It’s hard to say what makes a good expansion. Some games only need to offer new maps or enemies to keep the player happy, giving them a little more opportunity to grind through baddies before reaching the end credits. For a game like Skyrim, however, a game that already practically drowns the player with content, something more is required. To be worth the time and effort, it must not only add more gameplay, but make that gameplay build on what came before. It should be narratively fresh while still relevant to the overall plot, and put new tools at our disposal without invalidating the old ones. On these counts, Dragonborn succeeds. Where it fails, however, is in its bugs.

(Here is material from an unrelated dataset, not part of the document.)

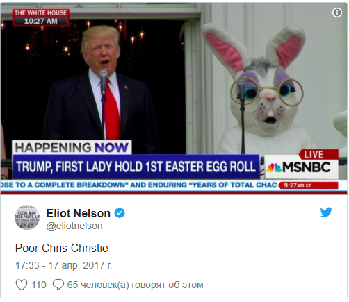 Стоит отметить, что с пасхальный плюшевым кроликом семья Трампов встречала Пасху и в прошлом году. После появления фото, кролик стал главным героем мемов интернет-пользователей. В основном люди интересовались, кто же решился примерить костюм: пресс-секретарь Белого дома Шон Спайсер или бывший Вице-президент США Джо Байден, который соскучился по резиденции президента.
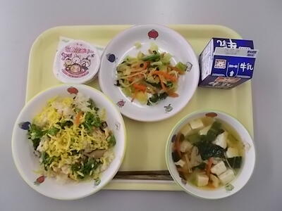 3月1日(金)献立 投稿日時 : 2024/03/01 市川小学校管理者 献立:菜の花入りちらしずし すまし汁 キャベツともやしの和えもの ひな祭り三色ゼリー 牛乳 3月3日「桃の節句」に合わせたメニューです。ちらしずしには、今が旬の千葉県の菜の花を使いました。3色ゼリーは菱餅の色で、春の訪れを表しています。春の行事を食べ物から感じてほしいです。 Tweet {{options.likeCount}} {{options.likeCount}} {{options.unlikeCount}} {{options.unlikeCount}} 0 コメント

I don’t think it’s an exaggeration to say that Dragonborn is about even with SimCity for buggiest release of the last year. Some of these are fairly minor, such as entering a location and finding the floor has disappeared. These can usually be resolved with a simple reload, but are still a frustrating inconvenience.

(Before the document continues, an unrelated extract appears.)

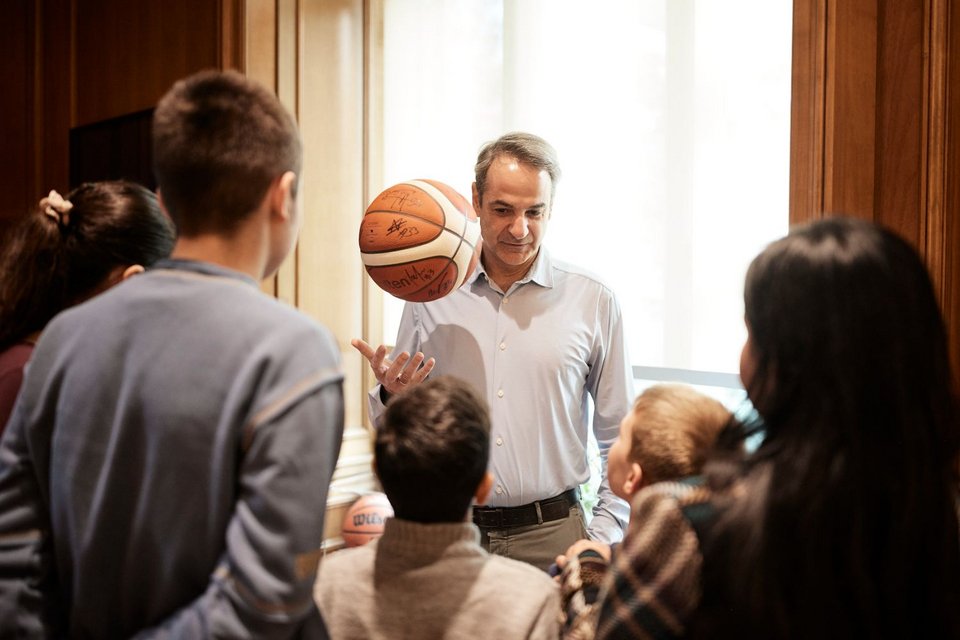 Ο Κυριάκος Μητσοτάκης έπαιξε με τα παιδιά, μίλησε μαζί τους για τα μαθήματά τους και τις αγαπημένες τους ασχολίες, τους έδωσε παιχνίδια και, αφού τα ξενάγησε στο γραφείο του, τους χάρισε την μπάλα με τις υπογραφές των διεθνών της εθνικής ομάδας μπάσκετ.
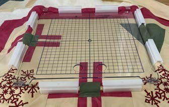 On blank blocks, find center of block and mark with a fabric marking pencil or pen. Center marked spot in the middle of hoop, using plastic template to find center location. Once placement has been found, secure fabric in hoop using magnetic clips as shown. Remove plastic template before transferring to the machine.

Even more annoying is that like the first expansion, Dawnguard, with its persistent vampire attacks on previously safe cities, you’re more goaded into playing it than anything else, and punished for ignoring it. In this case, the villain Miraak has a chance to show up whenever you kill a dragon and prevent you from absorbing its soul, taking it for himself. This is meant to motivate the player into hunting him down, but I would have much preferred the game offer a carrot than a stick. Add to this the pre-existing bug where dragons would sometimes not give souls anyway, and this feels very unfair. In my case Miraak never did steal a soul from me, but this may have led to a greater issue where he wouldn’t steal a soul when it was absolutely crucial for Dragonborn’s main quest that he must. For bugs this big to persist so many months after release is simply inexcusable, and erodes players’ faith in the developer.

You will hate this guy, for all the wrong reasons.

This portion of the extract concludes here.